Durante la raccolta anamnestica e la valutazione bisogna cercare di ascoltare il più possibile il paziente
mettendosi in secondo piano e rintracciare il significato degli eventi stressanti, i pattern relazionali e l’autostima
del paziente, osservare il transfert e il controtransfert e comprendere la risposta del contesto sociale del paziente
ai suoi sintomi (tramite la riproposizione dei pattern relazionali).
Successivamente è possibile utilizzare un approccio maggiormente espressivo cercando di fare giungere il
paziente alla consapevolezza di non essere stato in grado di imparare a vivere per se stesso, non è mai stato
capace di ascoltare solo se stesso e di frisi valere, di essere sempre stato troppo legato al bisogno di
approvazione, affetto, amore e ammirazione da parte dell’” altro” dominante. Una volta svelata l’ideologia
dominante, bisogna lavorare per creare nuovi possibile modi di vivere. Di solito i pazienti depressi cercano dei
consigli da part del terapeuta che, se rispondesse, colluderebbe con il suo bisogno di dipendere ds qualcun altro.

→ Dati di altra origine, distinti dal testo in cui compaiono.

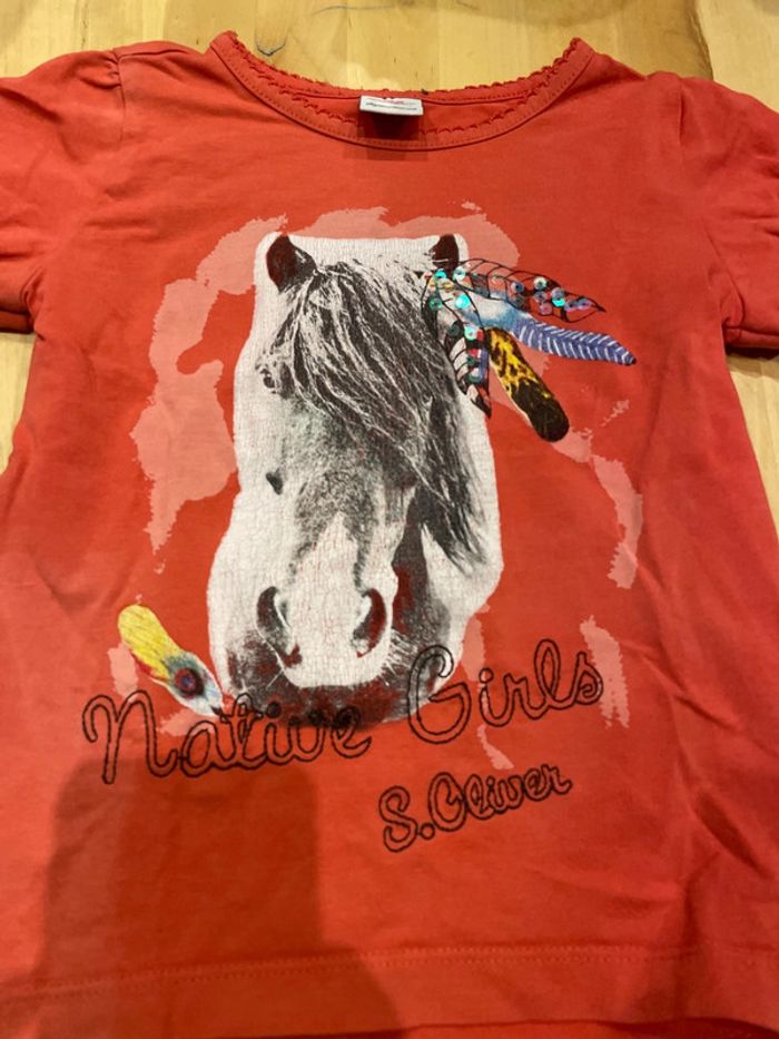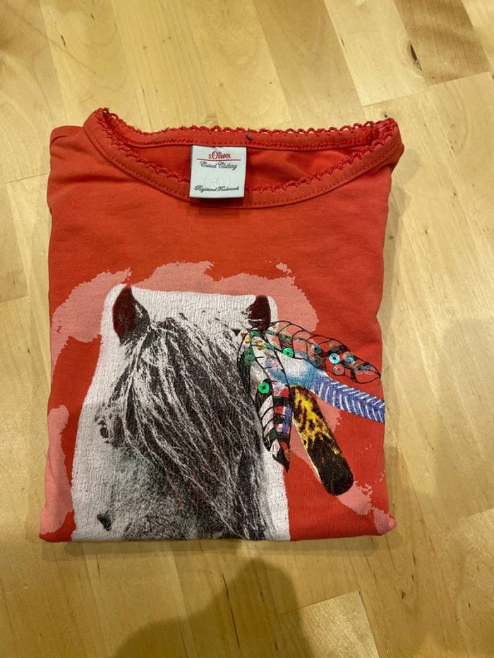 Joli teeshirt s. Oliver avec un poney / cheval représenté Très bon état 3/4 ans

Poi, bisogna indagare il significato interpersonale della depressione, rintracciando le cause ambientali: di solito
i pazienti sono restii, sottolineando come gli altri non abbiano colpa e di come la depressione faccia parte solo
del loro personale mondo interno. Non potendo indagare altrimenti, in terapeuta dovrà rifarsi all’osservazione
del controtransfert: il terapeuta può provare sentimenti di rabia, disperazione, voglia di sbarazzarsi del paziente
o potenti fantasie di salvataggi tutti sentimenti possibilmente provati dagli altri che possono provocare o
perpetuare la depressione.
Ci sono poi i soggetti con una depressione refrattaria ala farmacoterapia, in cui i sintomi sono fortemente legati
ad una componenti caratteriale (aspetti relazionali infantili precoci) difficili da modificare, che portano il
paziente a rimanere bloccato in una relazione non risolta tra Sé e l’oggetto. Bisogna considerare i casi in cui la
depressione porti dei vantaggi, ossia la possibilità di mettere in atto comportamenti sadici e distruttivi verso gli
altri ma giustificati dalla malattia, oppure la possibilità che la depressione sia legata la contesto familiare.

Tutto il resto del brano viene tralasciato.